**Work to complete**. The output is the line containing "- Choi, D.;" plus every later line down to the end of the listing below, copied exactly. No pictures belong in it.

**Data extracts**.
==*==
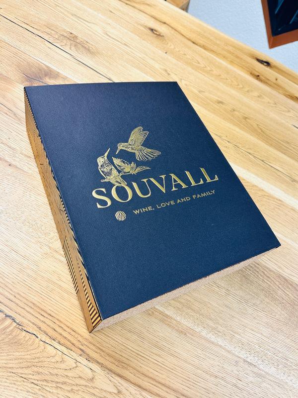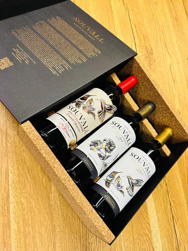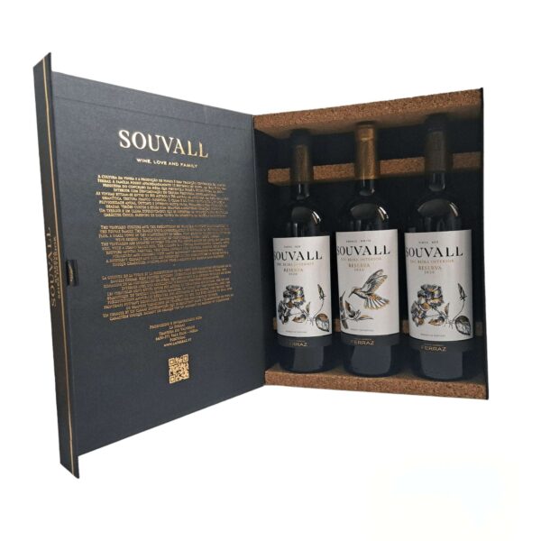Caixas de duas tipologias diferentes de reservas Souvall: três tintos ou um mix tinto-branco-rosé. Produto da família Ferraz, membro da Rede Côa Selvagem, com vinhas localizadas em Horta do Douro e Valeflor, no concelho da Mêda. A Rewilding Portugal procura pôr em evidência os produtos locais do Grande Vale do Côa e apoiar negócios baseados na natureza desta região.
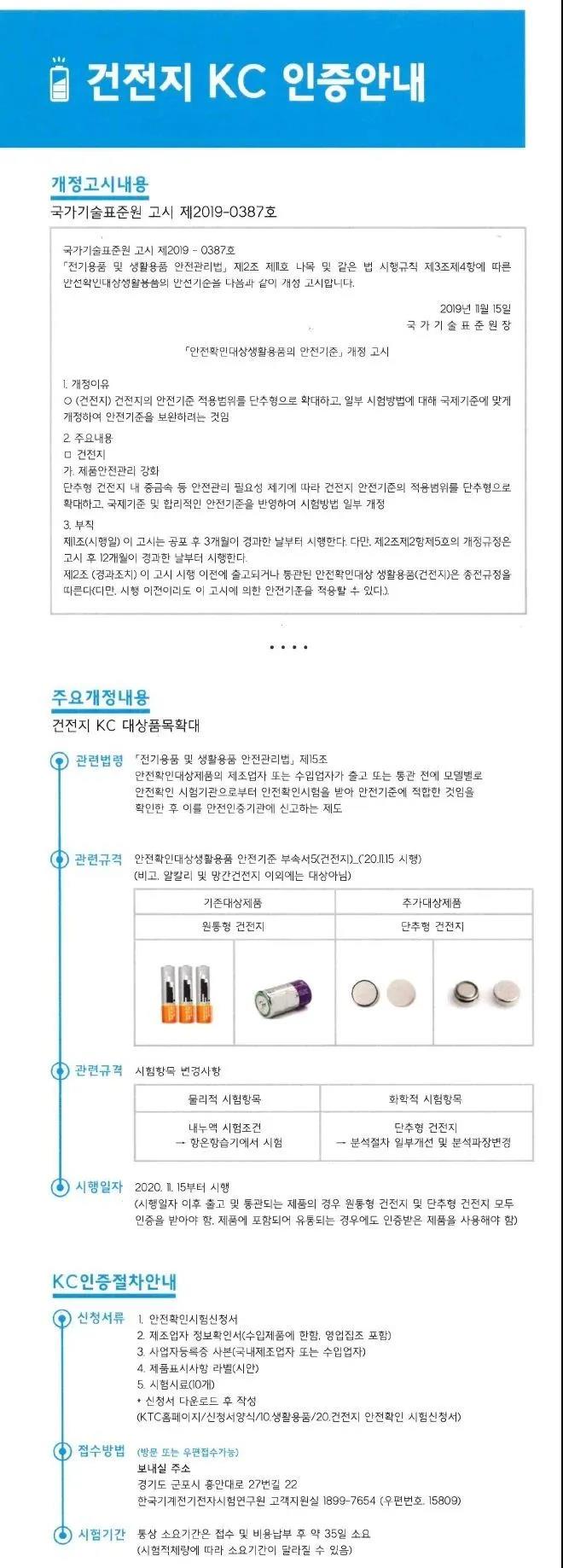 Recently, South Korea revised the \"Electrical Appliances and Household Products Safety Management Law\" to include button dry batteries for the first time in the scope of KC certification control. This regulation will take effect on November 15, 2020, and its control scope includes cylindrical batteries and button batteries. At the same time, if the terminal product contains cylindrical batteries and button batteries, the batteries used must also be certified by KC before they can be sold in the Korean market.
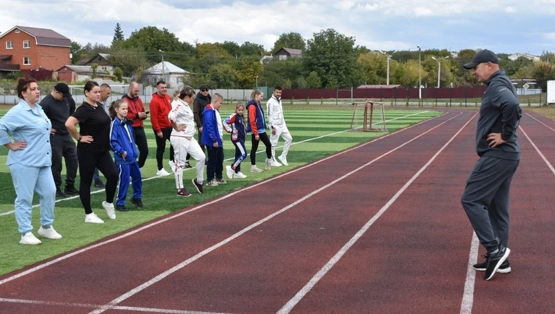 Акция началась с приветствия заместителя главы администрации Валуйского муниципального округа по социальным вопросам Ирины Дубровой. Герой-участник СВО Олег Сазонов провёл зарядку для присутствующих.
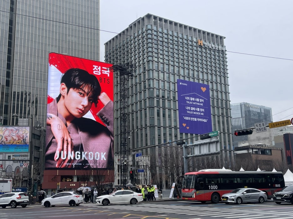 미국 LA에서 날아온 사람도 있었고, 대만 팬들은 광화문역 전광판에 뷔 응원 영상을 직접 띄워놨습니다!
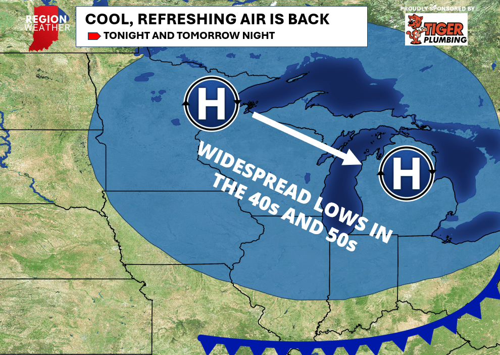 Did you feel the change today? A secondary front is now through the Hoosier State bringing in a refreshing dose of cooler, drier air. This drier air will be with us all the way through Wednesday before humidity returns on Thursday. These gusty north winds are kicking up the lake as expected and dangerous swim conditions will be present the rest of today and for Labor Day! Per usual on our holiday weekends, we don’t want you to take time out of your schedule for a LIVE broadcast so enjoy the time with family! Enjoy the comfortable air everyone!
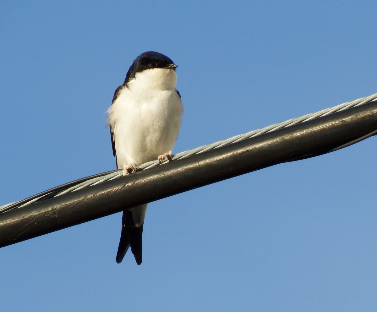 - Ya en territorio urbano tenemos el avión común, muy parecido a la golondrina, pero de tamaño inferior. Su cola también tiene forma de horquilla, pero de menor tamaño que la de sus parientes y lo distinguirás porque tiene una franja blanca justo antes de la cola que los técnicos llaman obispillo. El avión cría en todos los núcleos habitados de Tierra Bobal y has visto muchas veces sus nidos. Suelen estar en loa aleros de tejados y tienen una forma semiesférica.
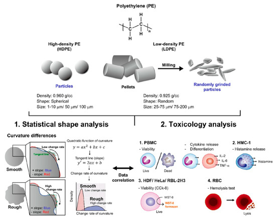 - Choi, D.; Hwang, J.; Bang, J.; Han, S.; Kim, T.; Oh, Y.; Hwang, Y.; Choi, J.; Hong, J. In vitro toxicity from a physical perspective of polyethylene microplastics based on statistical curvature change analysis. Sci. Total Environ. 2021, 752, 142242. [Google Scholar] [CrossRef] [PubMed]
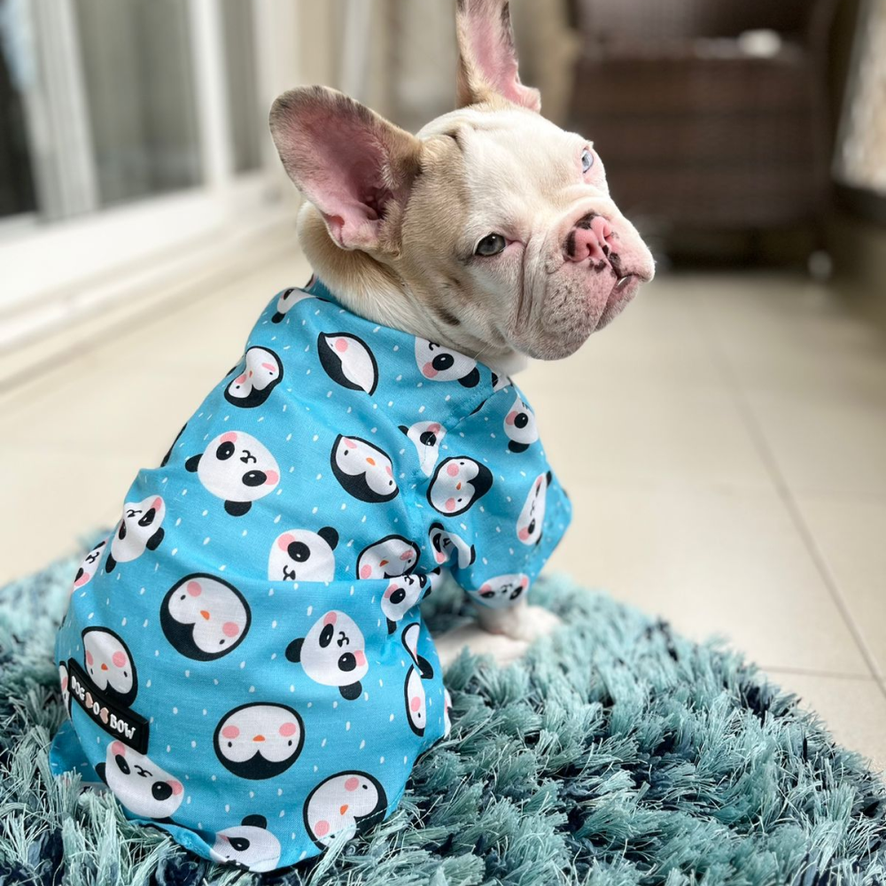 Dogobow Panda Print Shirt for Dogs (Blue/White)
==*==
**Answer area**.
 - Choi, D.; Hwang, J.; Bang, J.; Han, S.; Kim, T.; Oh, Y.; Hwang, Y.; Choi, J.; Hong, J. In vitro toxicity from a physical perspective of polyethylene microplastics based on statistical curvature change analysis. Sci. Total Environ. 2021, 752, 142242. [Google Scholar] [CrossRef] [PubMed]
 Dogobow Panda Print Shirt for Dogs (Blue/White)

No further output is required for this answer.